Maria Jarema. Cracked Modernism resists a chronological trajectory from figuration towards abstraction and instead organises the rich terrain of Jarema’s life and work around the idea of escalation, from depictions of the single figure to doubles, the family and the multitude. This idiom reflects the fragmentation or “cracking” of the self that Jarema must have experienced not only as a woman, mother, and victim of cancer (she died from leukaemia in 1958 at the age of 49), but as an ambitious progressive who chose to withdraw from society rather than bend to its turn against emancipation. She insisted that “freedom is the essential discovery of modern painting. Not selflessness, not fantasy, nor originality ‘at any cost,’ as is commonly said, but the artist’s right to explore, without reservation, the ultimate limits of his or her own self.”[1] Does Jarema’s art hold up to this lofty demand? And how does the exhibition honour this imperative at the core of her being? Is it possible to untether Jarema from all the stories, caricatures and collectives, yet somehow circle back to Jarema in all her myriad, “cracked” glory?

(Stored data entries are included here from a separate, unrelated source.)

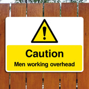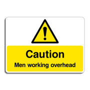 Men Working Overhead safety signs are to warn people below about potential dangers from above, helping to prevent accidents and injuries in areas where work is being done at height. This sign Warns people in the area to be cautious and aware of overhead activity, such as construction, maintenance, or installation work being carried out. All our safety signs are compliant with BS EN ISO 7010 where applicable.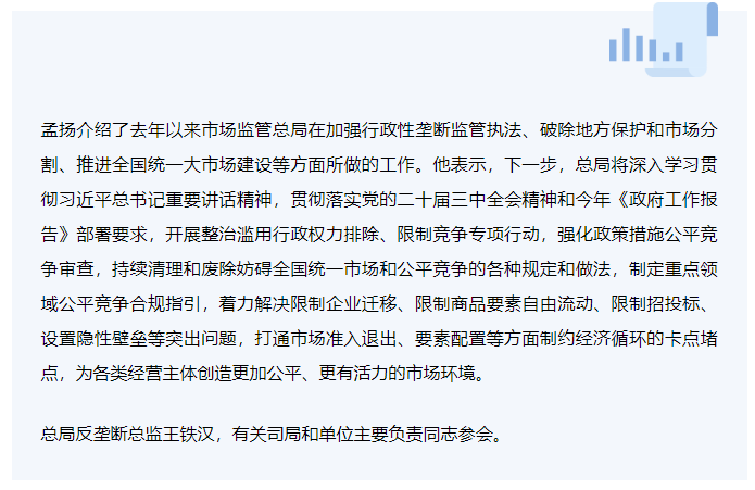3月19日,市场监管总局党组成员、副局长孟扬主持召开2025年第二次企业公平竞争座谈会,围绕“破除地方保护和市场分割、加快推进全国统一大市场建设”主题,与国家管网集团、三一集团、安谱科技、思源电气、敬业集团、华润医药、君乐宝乳业等7家企业负责人深入交流,了解企业遇到的问题和困难,听取意见建议。相关司局负责同志对企业提出的问题和意见作了具体回应。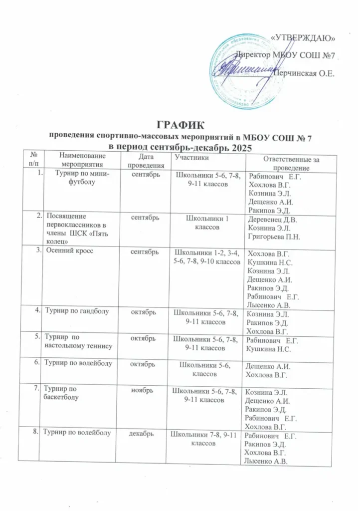 проведения спортивно-массовых мероприятий в МБОУ СОШ №7 в период сентябрь-декабрь 2025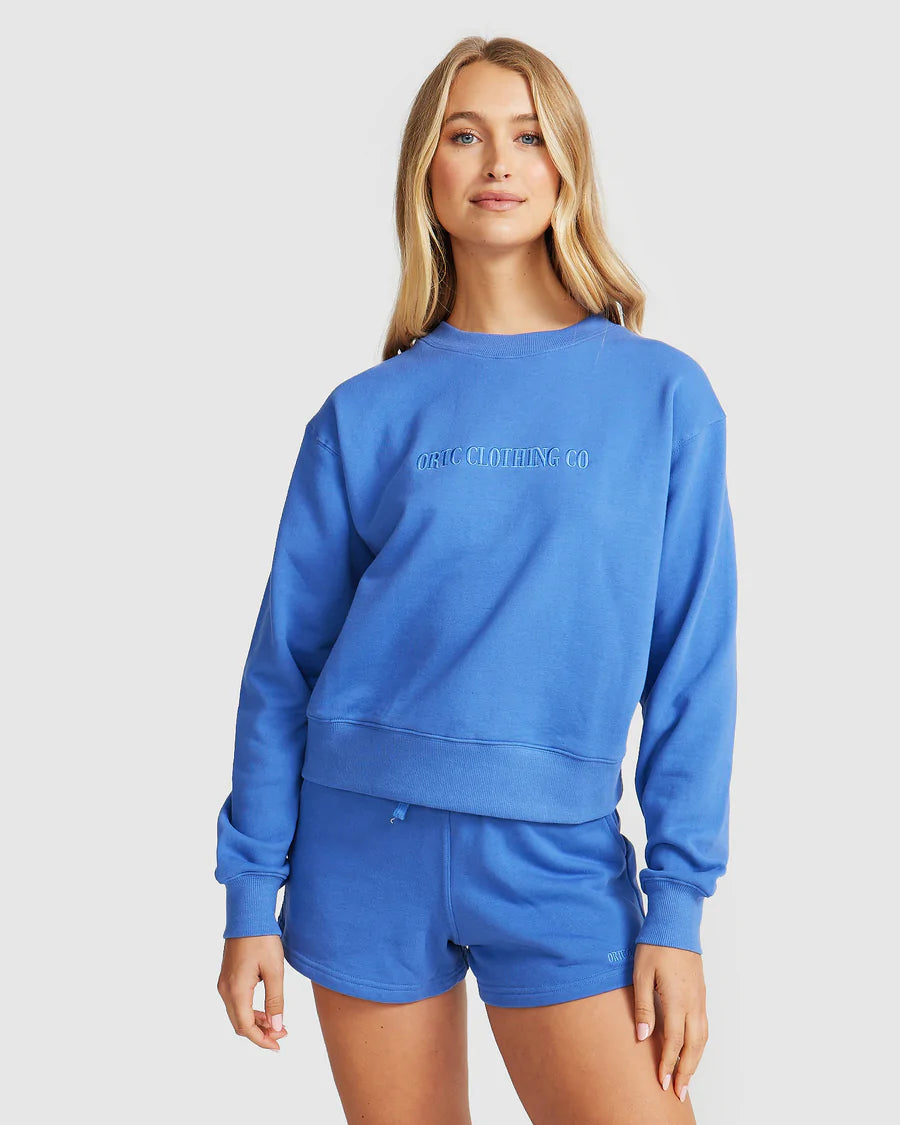 Grab the Womens Lounge Short in Blue to go with your Classic Logo Crew. Super cute with summer slides.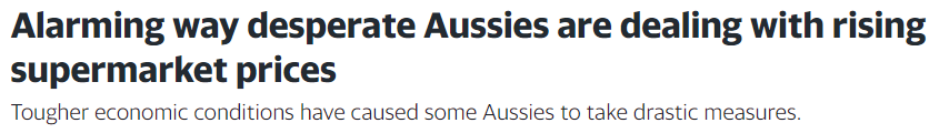 Yahoo新闻7月4日报道称,随着生活成本危机的加剧,苦苦挣扎的澳洲人持续感受到压力。然而,一些人为了应对物价上涨和经济压力竟采取了极端措施。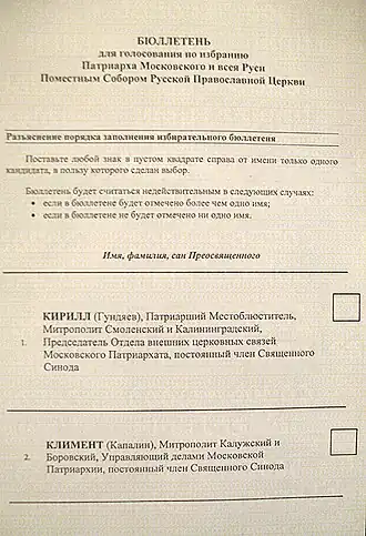 Бюллетень для голосования по избранию Патриарха Московского и всея Руси Поместным Собором Русской Православной Церкви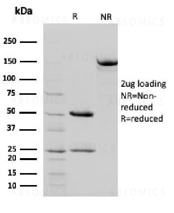Fig. 1: SDS-PAGE Analysis Purified STAT5B Mouse Monoclonal Antibody (STAT5B/2657). Confirmation of Integrity and Purity of Antibody.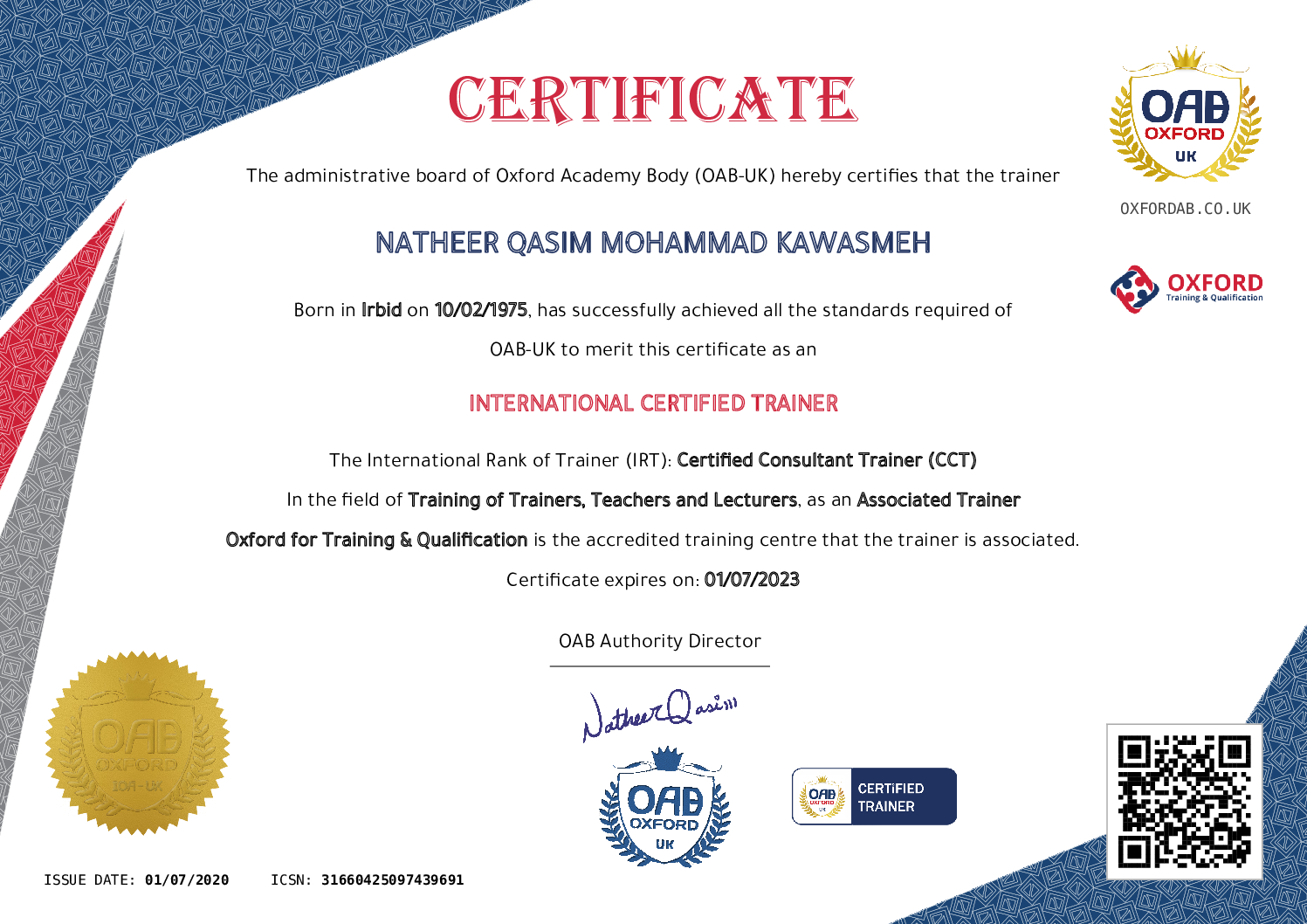 The International Certified Trainer certificate is a testament to the holder’s dedication and expertise. It signifies that the trainer has Met all the rigorous standards OAB-UK sets, earning the prestigious title of an internationally accredited trainer. This recognition reflects the trainer’s experience and proficiency in their specific training field. Accordingly, the trainer’s profile (Independent or Associated) on the OAB-UK website documents his international accreditation and rank. He has the right to use the logo of the certified international trainer in ads and request that certificates be issued to participants in his accredited training courses and programmes, with his name typed on these certificates.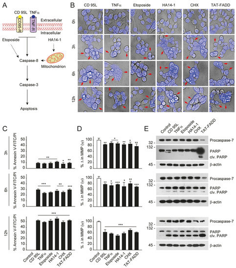 TAT-FADD’s pro-apoptotic effect is compared with conventional apoptosis inducers. (A) Schematic diagram representing the target site of proposed apoptosis inducers. (B–E) HCT 116 cells were treated with CD 95L (200 ng/mL), TNF-α (50 ng/mL), etoposide (50 µM), HA14-1 (5 µM), protein translational inhibitor cycloheximide (CHX, 5 µg/mL), and TAT-FADD (5 µM) alone for the mentioned time points, (B) The bright field images of cells counterstained with DAPI, post treatments, representative of 150 cells from 3 independent fields, scale bar 5 µm, (C) % apoptotic death by a Tali™ image-based cytometer, (D) % change in MMP and (E) expression of Procaspase-7 and cleavage of PARP by Western blot analysis, molecular weight marker left to each blot. In (C,D), significance compared between non-treated (0 h, white bars) and treated cells (black bars). h, hours; clv, cleaved; CD95-R, CD95 receptor; TNF-R, TNF receptor; MMP, mitochondrial membrane potential. Mean ± SD; * p ≤ 0.05, ** p ≤ 0.01, and *** p ≤ 0.001.

When considering cracks, one must begin with the surface. Jarema’s surfaces are generally flat, dashes of dislocated matte distemper or units of colour in cell-like isolation from each other. Sometimes there is a “blink and you’ll miss it” collage addition, a slither of applied paper or some frankly comical googly eyes (Did Composition (Kompozycja) (1952–1956) take so long to complete because it was missing the pair of eyes?) It is not to say that Jarema’s works lack depth, especially in the works that incorporate monotype printing, such as Penetrations (Penetracje) (1958), an image that is both the positive and invert of itself. Her painting style, or the way she applies colour, imparts this sense of simultaneousness, of haste and rhythm, as though there is little time to get “painterly,” no great urge to invest in the materiality of paint; rather some other, proto-pop sensibility for the surface in “the age of mechanical reproduction” and its relation to the body and soul. Some would denigrate Jarema by claiming her paintings evoke textile designs of the era. So what if they do? Such misogynistic attempts at reduction fall flat when considering how artists such as Jarema frequently crossed disciplines, with the graphic arts embedded in their education, and their egalitarian politics embracing all forms of visual communication. As she said herself in 1956, “Painting has approached poster art, and the poster has become a commemorative painting, neither less acute in expression than the other.”[2]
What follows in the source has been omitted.